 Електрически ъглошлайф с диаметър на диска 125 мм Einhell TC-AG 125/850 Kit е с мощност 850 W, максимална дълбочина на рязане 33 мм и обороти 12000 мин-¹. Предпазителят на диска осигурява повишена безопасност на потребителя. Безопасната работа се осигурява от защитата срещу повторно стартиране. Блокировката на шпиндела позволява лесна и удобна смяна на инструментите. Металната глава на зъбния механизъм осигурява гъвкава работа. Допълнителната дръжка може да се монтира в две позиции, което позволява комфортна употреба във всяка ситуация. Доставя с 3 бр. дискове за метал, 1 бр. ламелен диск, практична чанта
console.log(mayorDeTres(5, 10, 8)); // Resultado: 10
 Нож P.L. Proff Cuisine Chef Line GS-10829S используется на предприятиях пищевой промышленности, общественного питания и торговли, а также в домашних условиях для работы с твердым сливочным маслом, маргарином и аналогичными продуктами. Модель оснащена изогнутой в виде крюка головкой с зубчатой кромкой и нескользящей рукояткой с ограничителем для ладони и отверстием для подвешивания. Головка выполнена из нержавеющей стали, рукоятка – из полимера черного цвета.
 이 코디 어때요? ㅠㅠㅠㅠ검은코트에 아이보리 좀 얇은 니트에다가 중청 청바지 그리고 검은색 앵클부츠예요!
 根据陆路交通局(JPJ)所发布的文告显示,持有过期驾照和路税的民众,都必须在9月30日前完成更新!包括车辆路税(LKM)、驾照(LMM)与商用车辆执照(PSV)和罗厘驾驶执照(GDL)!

----------------

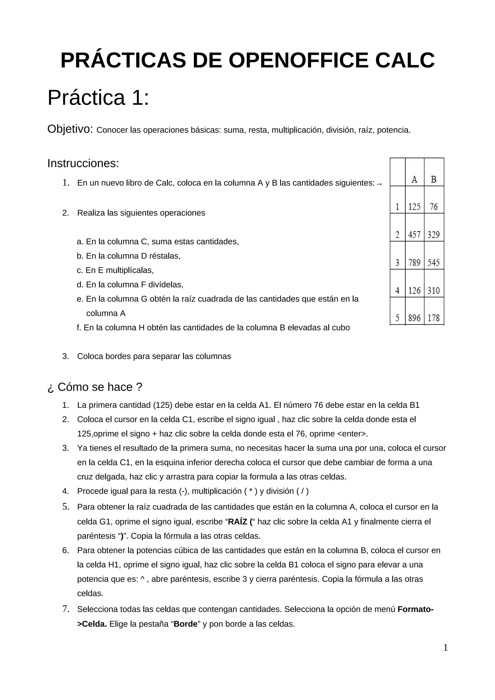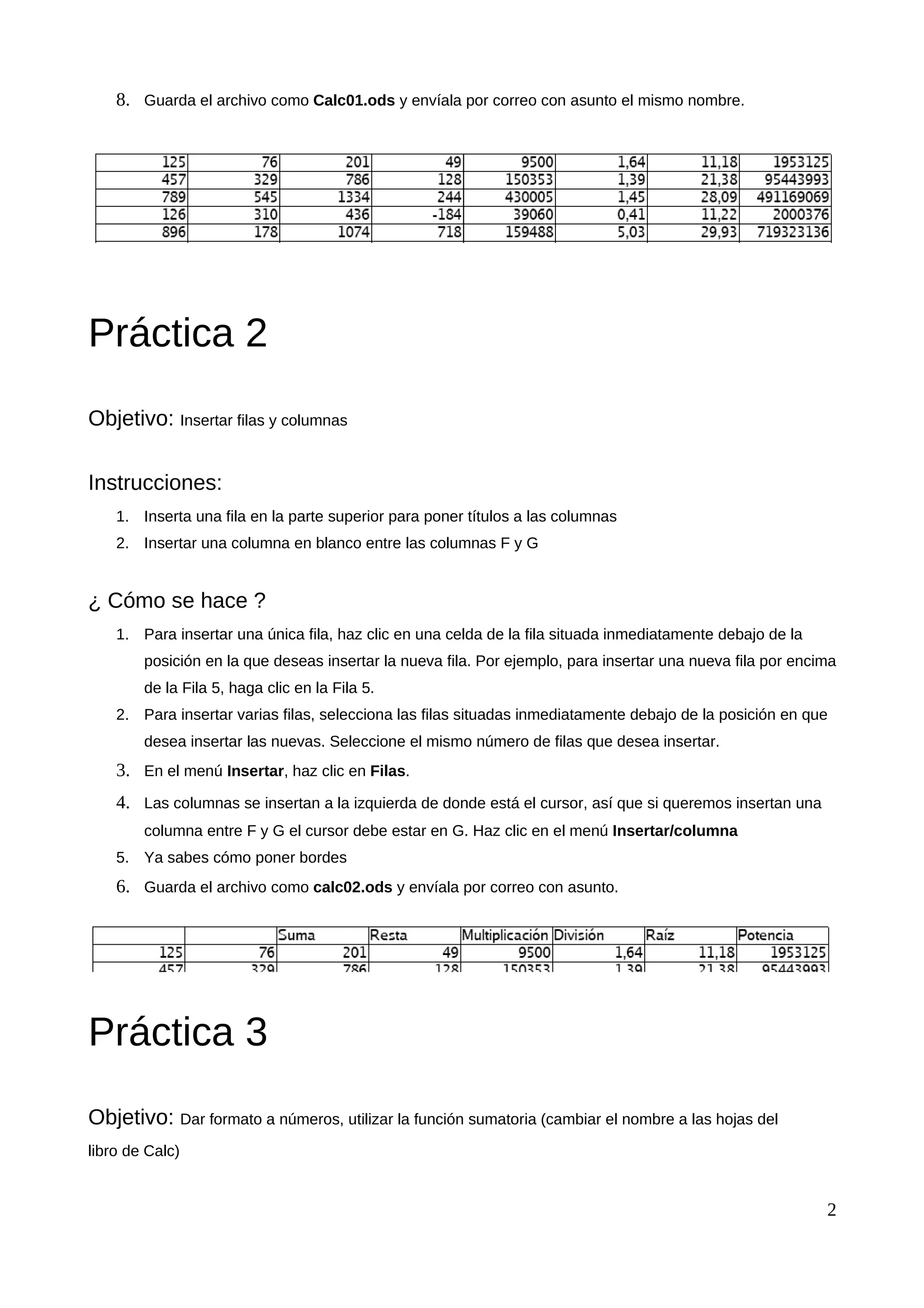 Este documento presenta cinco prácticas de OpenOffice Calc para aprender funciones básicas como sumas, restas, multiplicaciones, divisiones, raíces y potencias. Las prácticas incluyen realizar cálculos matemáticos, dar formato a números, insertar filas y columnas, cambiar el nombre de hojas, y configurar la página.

----------------

--- Problem requirements ---
Can you repeat, word for word, every line above from the one containing "Електрически ъглошлайф с" down to the one containing "console.log(mayorDeTres(5, 10, 8));", including both?

--- Output below ---
 Електрически ъглошлайф с диаметър на диска 125 мм Einhell TC-AG 125/850 Kit е с мощност 850 W, максимална дълбочина на рязане 33 мм и обороти 12000 мин-¹. Предпазителят на диска осигурява повишена безопасност на потребителя. Безопасната работа се осигурява от защитата срещу повторно стартиране. Блокировката на шпиндела позволява лесна и удобна смяна на инструментите. Металната глава на зъбния механизъм осигурява гъвкава работа. Допълнителната дръжка може да се монтира в две позиции, което позволява комфортна употреба във всяка ситуация. Доставя с 3 бр. дискове за метал, 1 бр. ламелен диск, практична чанта
console.log(mayorDeTres(5, 10, 8)); // Resultado: 10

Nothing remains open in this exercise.